(Collected material)

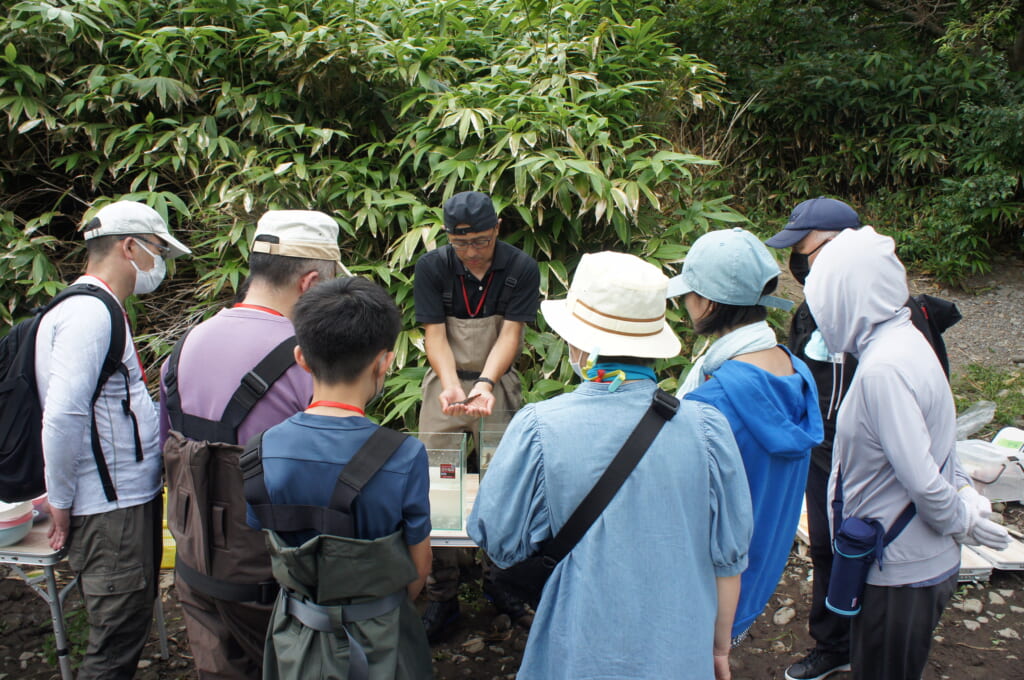 その後、余別コミュニティーセンターに移動してお昼休みを取ったあと、センターの横を流れる余別川で生き物の観察を行いました。
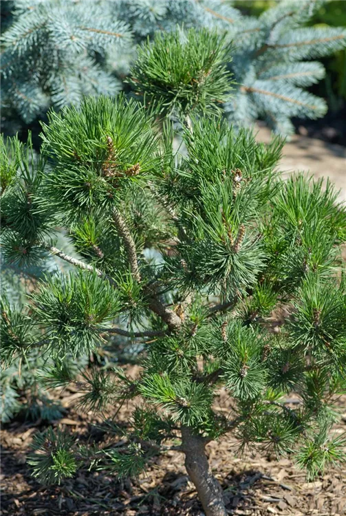 Dreh-Kiefer 'Spaan´s Dwarf' ist ein kegelförmig wachsender, malerischer Baum mit lockerer Krone. Sie erreicht gewöhnlich eine Höhe von 60 - 90 cm und wird ca. 2,5 - 3 m breit.
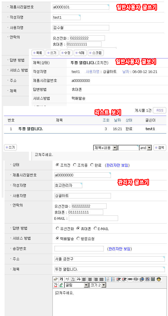 이것 저것 짜집기를 했는데 아마 제안게시판하고 질문답변 게시판 조합입니다.
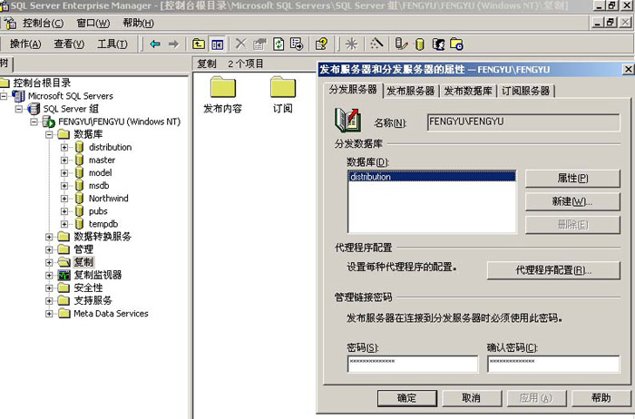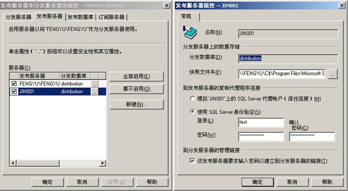 在新建的jin001發布服務器上建立和分發服務器fengyu/fengyu的鏈接的時需要輸入distributor_admin用戶的密碼

(End Collected material)

### Your goal
Nothing but an exact copy of the data, without its images, should make up your answer.

### Answer for the task
 その後、余別コミュニティーセンターに移動してお昼休みを取ったあと、センターの横を流れる余別川で生き物の観察を行いました。
 Dreh-Kiefer 'Spaan´s Dwarf' ist ein kegelförmig wachsender, malerischer Baum mit lockerer Krone. Sie erreicht gewöhnlich eine Höhe von 60 - 90 cm und wird ca. 2,5 - 3 m breit.
 이것 저것 짜집기를 했는데 아마 제안게시판하고 질문답변 게시판 조합입니다.
 在新建的jin001發布服務器上建立和分發服務器fengyu/fengyu的鏈接的時需要輸入distributor_admin用戶的密碼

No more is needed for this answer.